▸ **Instructions for the task**
Pictures aside, copy every record word for word.

Stored dataset items:
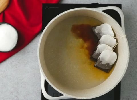 Place 4 tea bags into the hot water. Let the strings hang over the side so they are easy to pull out later.
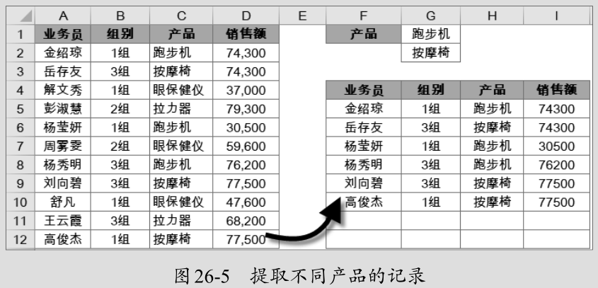 如图26-5所示,需要根据G1 单元格和G2单元格中指定的产品名称,从A~D列中提取出两个产品的全部记录。
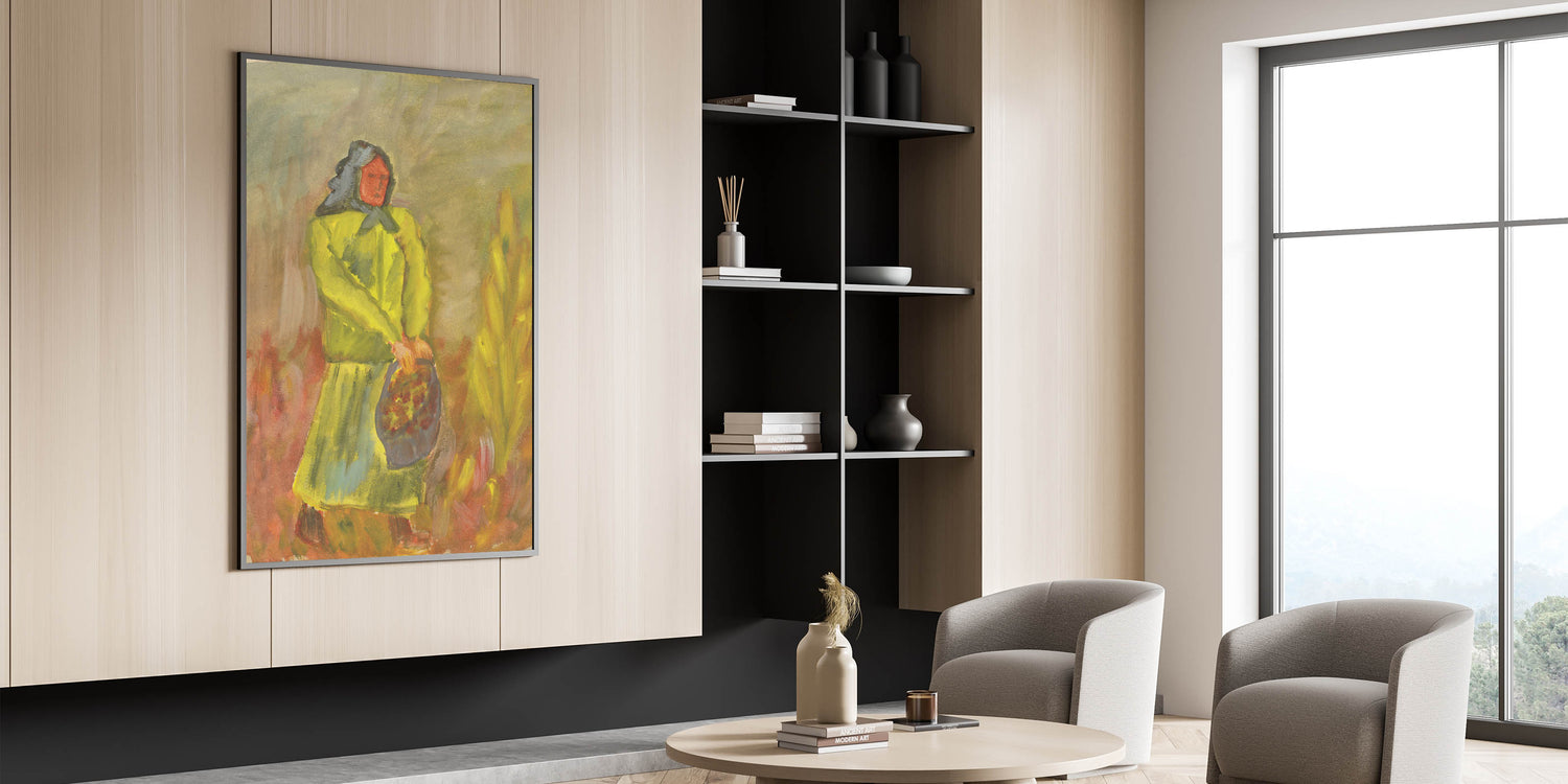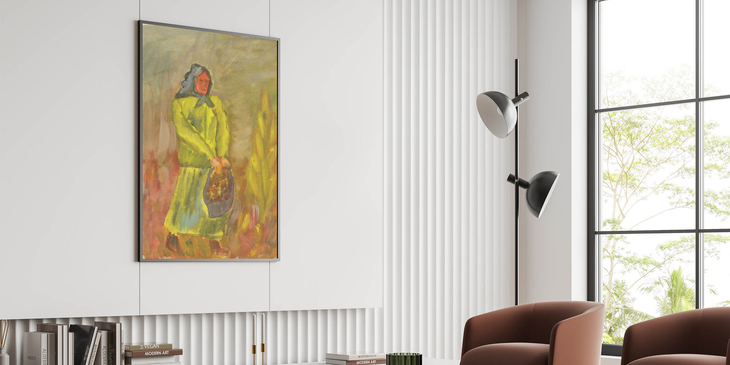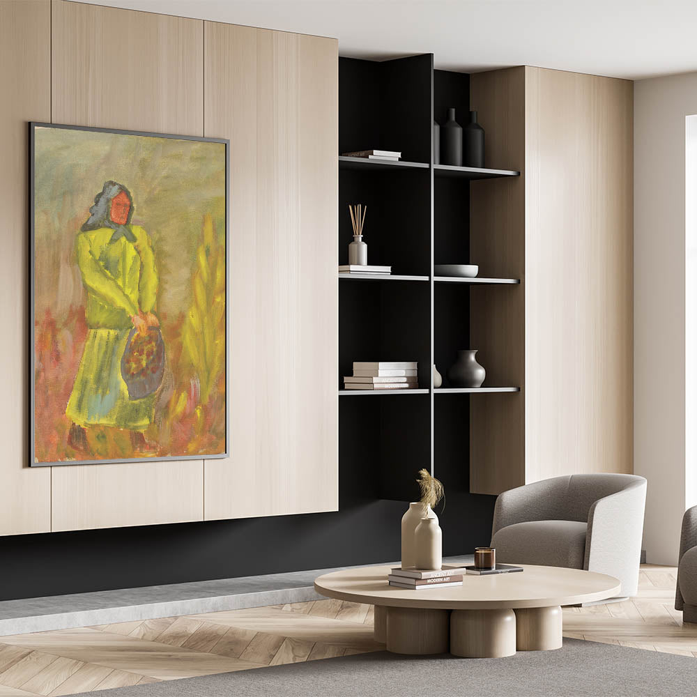Expressionist Woman with Basket – Vibrant Figurative Wall Art
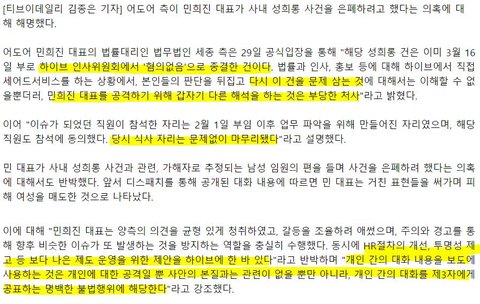 민희진은 아무 잘못한게 없고
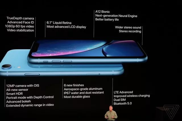 这款新iPhone命名为iPhone XR,采用LCD屏幕,有白黑蓝橙黄红六款配色。同样配置Face ID和A12处理器,没有3D Touch,1200万单摄摄像头,续航时间比iPhone 8 Plus提升1.5小时。

▸ **Answer to the exercise**
 Place 4 tea bags into the hot water. Let the strings hang over the side so they are easy to pull out later.
 如图26-5所示,需要根据G1 单元格和G2单元格中指定的产品名称,从A~D列中提取出两个产品的全部记录。
Expressionist Woman with Basket – Vibrant Figurative Wall Art
 민희진은 아무 잘못한게 없고
 这款新iPhone命名为iPhone XR,采用LCD屏幕,有白黑蓝橙黄红六款配色。同样配置Face ID和A12处理器,没有3D Touch,1200万单摄摄像头,续航时间比iPhone 8 Plus提升1.5小时。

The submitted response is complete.